Source data START

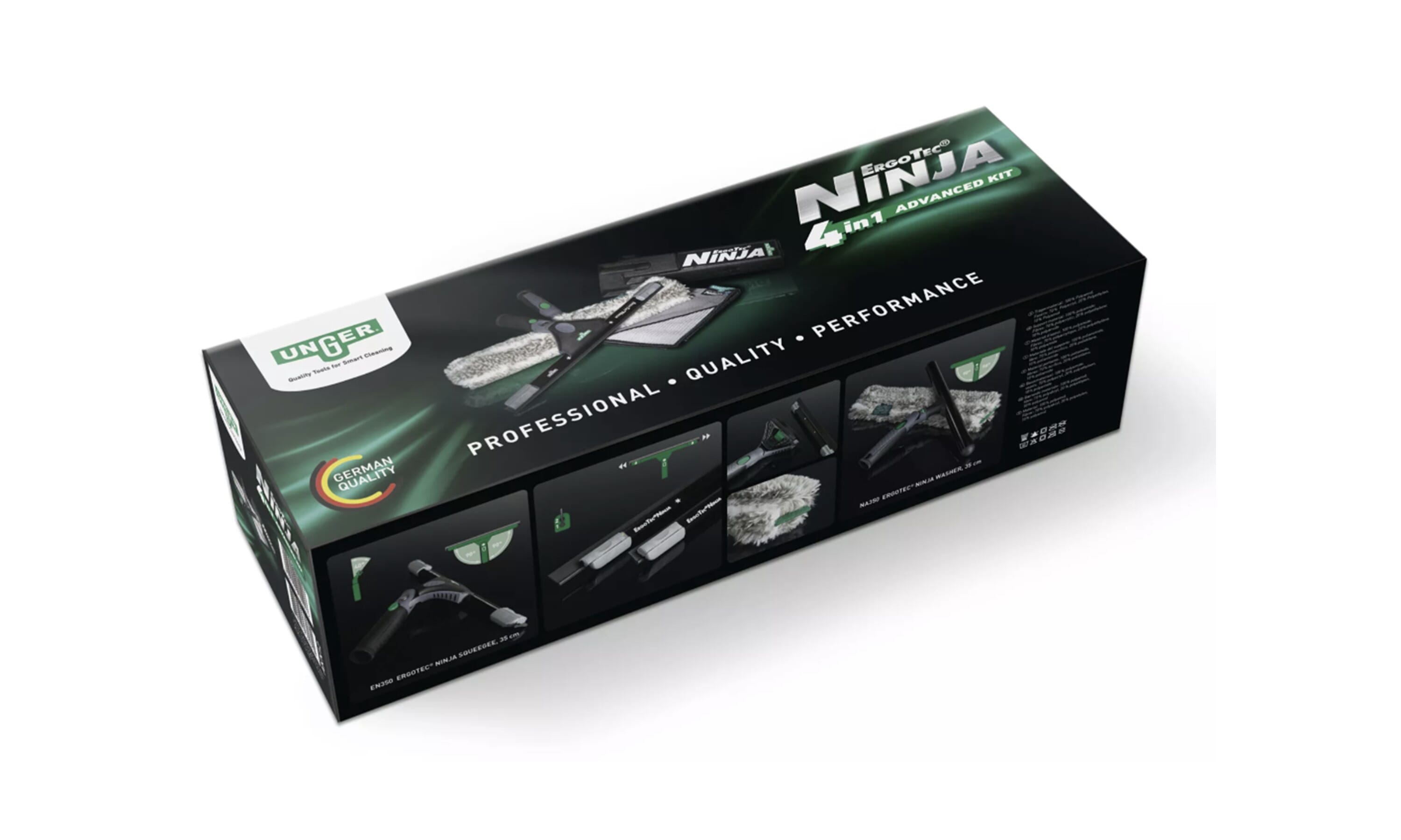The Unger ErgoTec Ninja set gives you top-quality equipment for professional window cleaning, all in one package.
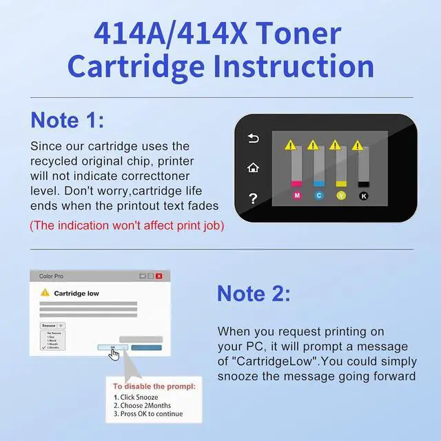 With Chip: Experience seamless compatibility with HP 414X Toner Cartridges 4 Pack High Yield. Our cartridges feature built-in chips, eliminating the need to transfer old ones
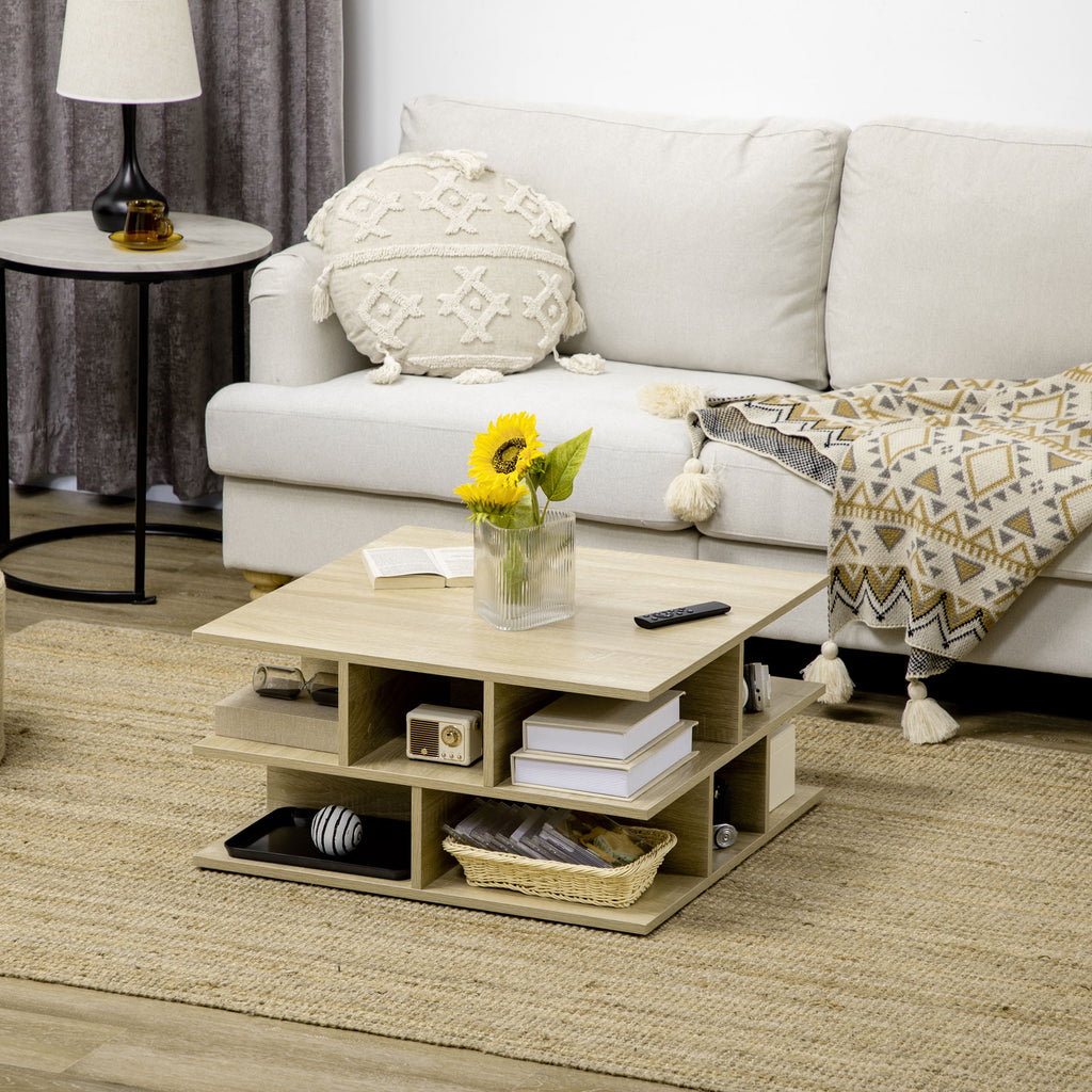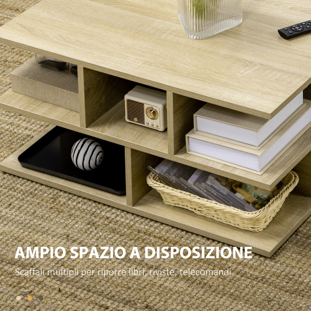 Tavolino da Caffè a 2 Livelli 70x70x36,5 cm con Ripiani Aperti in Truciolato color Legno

Source data END

Activity:
Setting the pictures aside, return exactly the lines from the line with "With Chip: Experience" through the last line of the listing above.

Completed task:
 With Chip: Experience seamless compatibility with HP 414X Toner Cartridges 4 Pack High Yield. Our cartridges feature built-in chips, eliminating the need to transfer old ones
 Tavolino da Caffè a 2 Livelli 70x70x36,5 cm con Ripiani Aperti in Truciolato color Legno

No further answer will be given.